In the copy, include exactly the lines from the one with "Lot de 4 chaises" through the end of the data and no others, both ends kept, with every picture left out.

(Supplied information Opens)

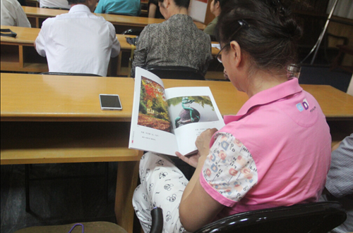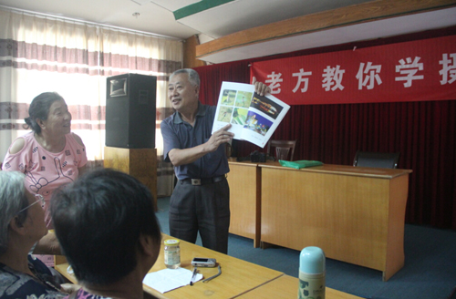 8月2日下午,在經(jīng)過半天休整之后,方老師開始為團員們講課!拔覀兝夏耆藨(yīng)該有自己的興趣和追求,要學(xué)會自己找樂!薄艾F(xiàn)在小孩都是老年人在帶,我們學(xué)會了攝影就可以教孩子,對他們將來也有好處!狈嚼蠋煹囊幌,頓時就讓許多團員萌生了學(xué)攝影的想法。接著,他向團員們展示了自己拍攝的眾多精彩照片,并拿出一本攝影圖集供大家傳閱。“這本圖集里,都是我在老年大學(xué)教書時,學(xué)員們拍的照片。最大的學(xué)員都80多歲了,但是照片拍的特別好。相信大家通過學(xué)習(xí),也可以拍的如此精彩。”方老師的話,給了在座的老人極大的信心,大家也學(xué)的更加認(rèn)真。
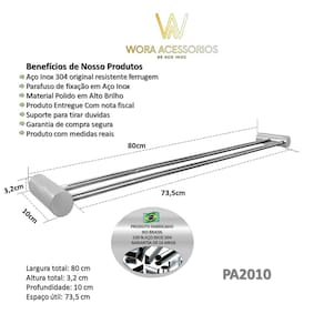 Características: ? Material Premium: Aço Inox 304 — resistência superior à corrosão e longa vida útil. ? Design Duplo: Dois níveis paralelos com 80 cm de largura — maior capacidade para toalhas de banho ou uso conjunto. ? Acabamento Polido: Superfície brilhante com efeito espelhado — mais sofisticação para o ambiente. ? Fixação Oculta: Instalação discreta com visual limpo — sem parafusos aparentes. ? Versátil e Elegante: Indicado para banheiros residenciais, suítes e lavabos refinados. ? Estilo Atemporal: Combina com ambientes clássicos, modernos ou minimalistas. ? Instalação Fácil: Fixação segura com kit completo e manual prático. ? Durabilidade Garantida: Produto com 5 anos de garantia contra defeitos de fabricação.
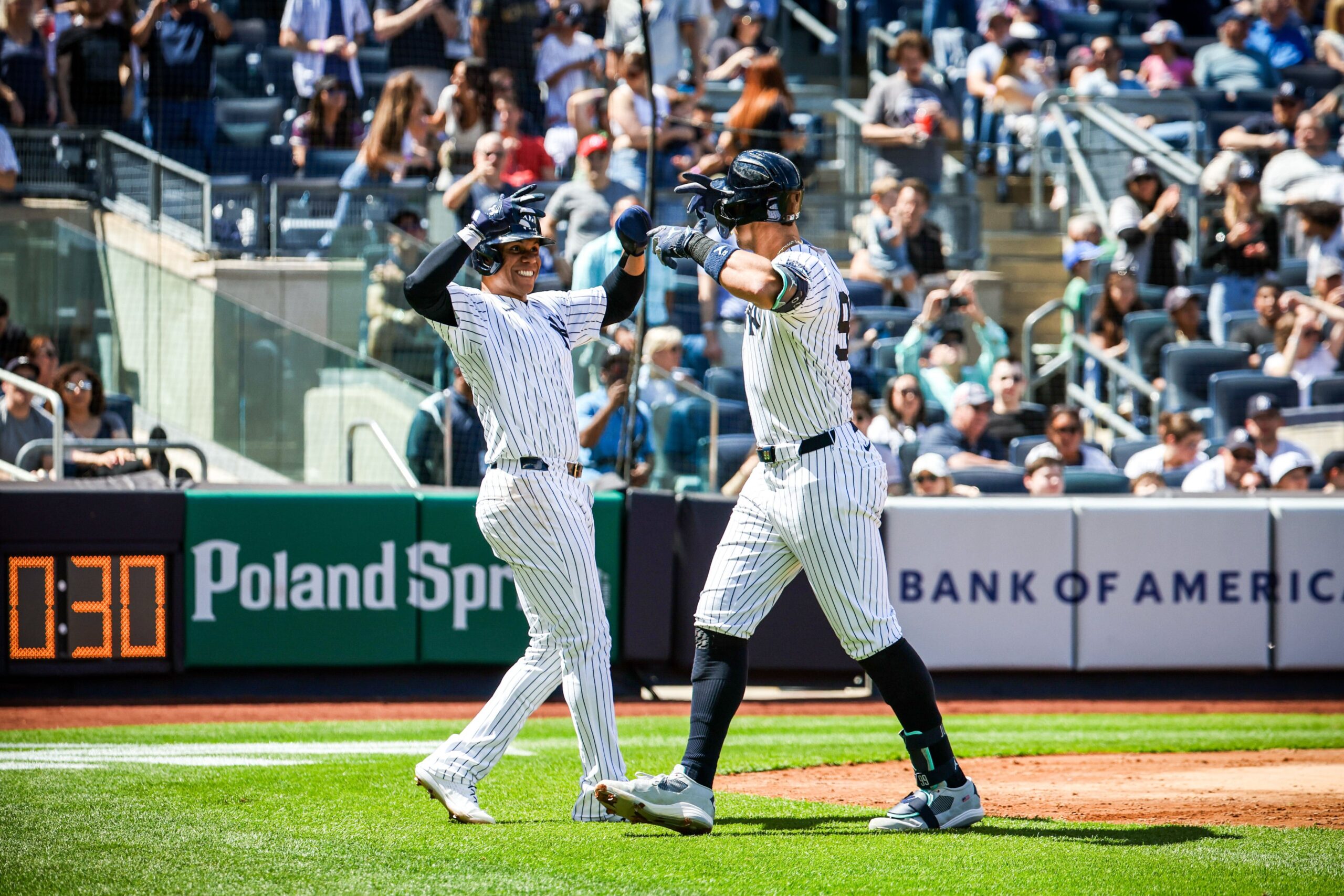 Bottom of the fourth, the Yankees managed to score three runs to give them the lead. While the Yankees occasionally got on base, they struggled to score for the majority of the game. Until the huge bomb from Yankees’ third baseman Jon Berti which led into a big inning for the Bombers.
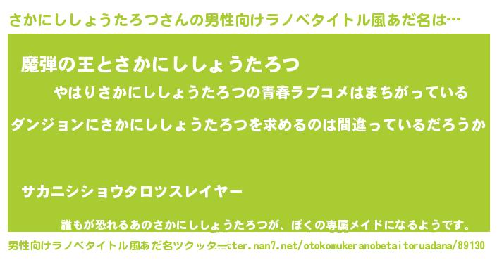 | 意味不明あだ名 | 『とにかく怪しいさかにししょうたろつ』 |
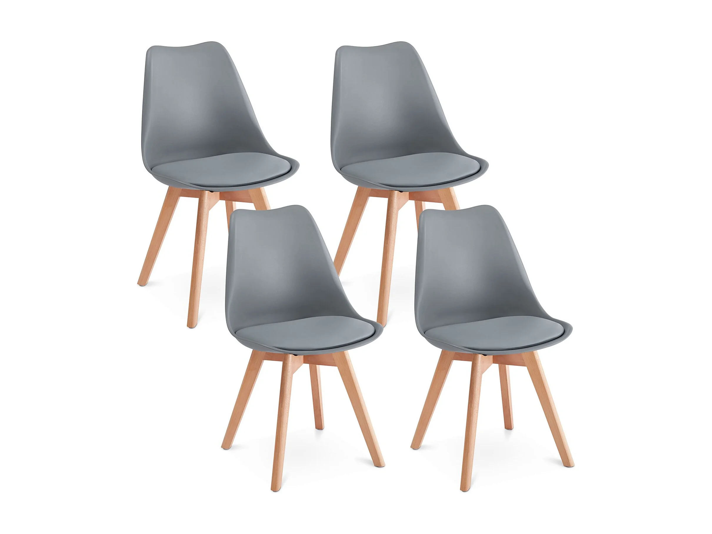 Lot de 4 chaises de salle à manger ABBY style scandinave gris clair design nordique piètement bois massif, siège coque rembourré
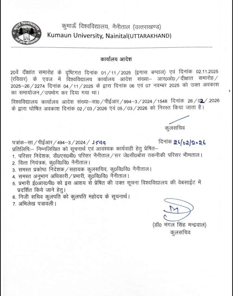 नैनीताल:- कुमाऊँ विश्वविद्यालय, नैनीताल द्वारा 02 मार्च 2026 एवं 05 मार्च 2026 को घोषित अवकाश निरस्त कर दिए गए हैं।
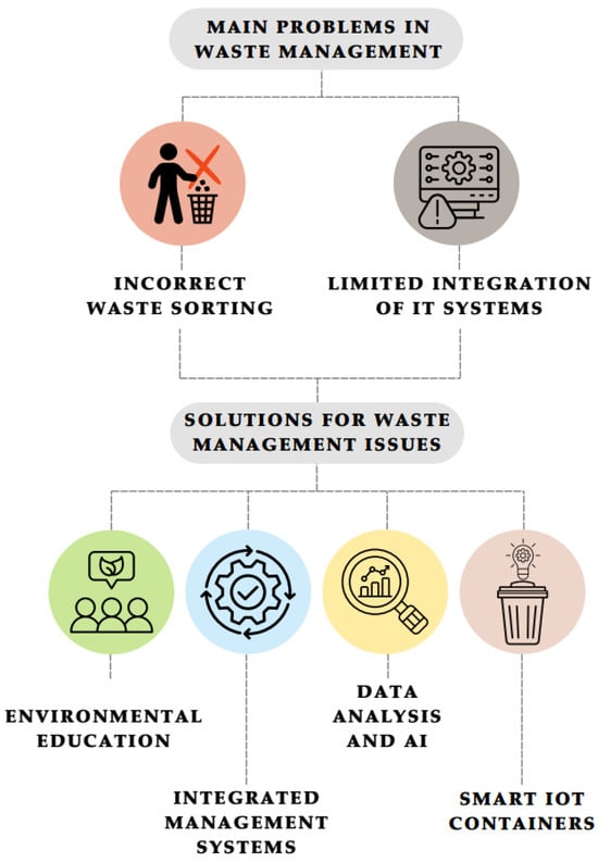 Addressing these challenges requires coordinated improvements in both organizational and technological areas. Environmental education can strengthen correct segregation practices and increase public awareness. Integrated management systems support smoother coordination between different actors in the waste sector. Data analysis and artificial intelligence improve forecasting and operational decision-making. Smart IoT containers provide real-time information on waste levels and help optimize collection schedules. These problems and their main solution pathways are illustrated in Figure 3.

(Supplied information Closes)

> _Answer to the problem_
 Lot de 4 chaises de salle à manger ABBY style scandinave gris clair design nordique piètement bois massif, siège coque rembourré
 नैनीताल:- कुमाऊँ विश्वविद्यालय, नैनीताल द्वारा 02 मार्च 2026 एवं 05 मार्च 2026 को घोषित अवकाश निरस्त कर दिए गए हैं।
 Addressing these challenges requires coordinated improvements in both organizational and technological areas. Environmental education can strengthen correct segregation practices and increase public awareness. Integrated management systems support smoother coordination between different actors in the waste sector. Data analysis and artificial intelligence improve forecasting and operational decision-making. Smart IoT containers provide real-time information on waste levels and help optimize collection schedules. These problems and their main solution pathways are illustrated in Figure 3.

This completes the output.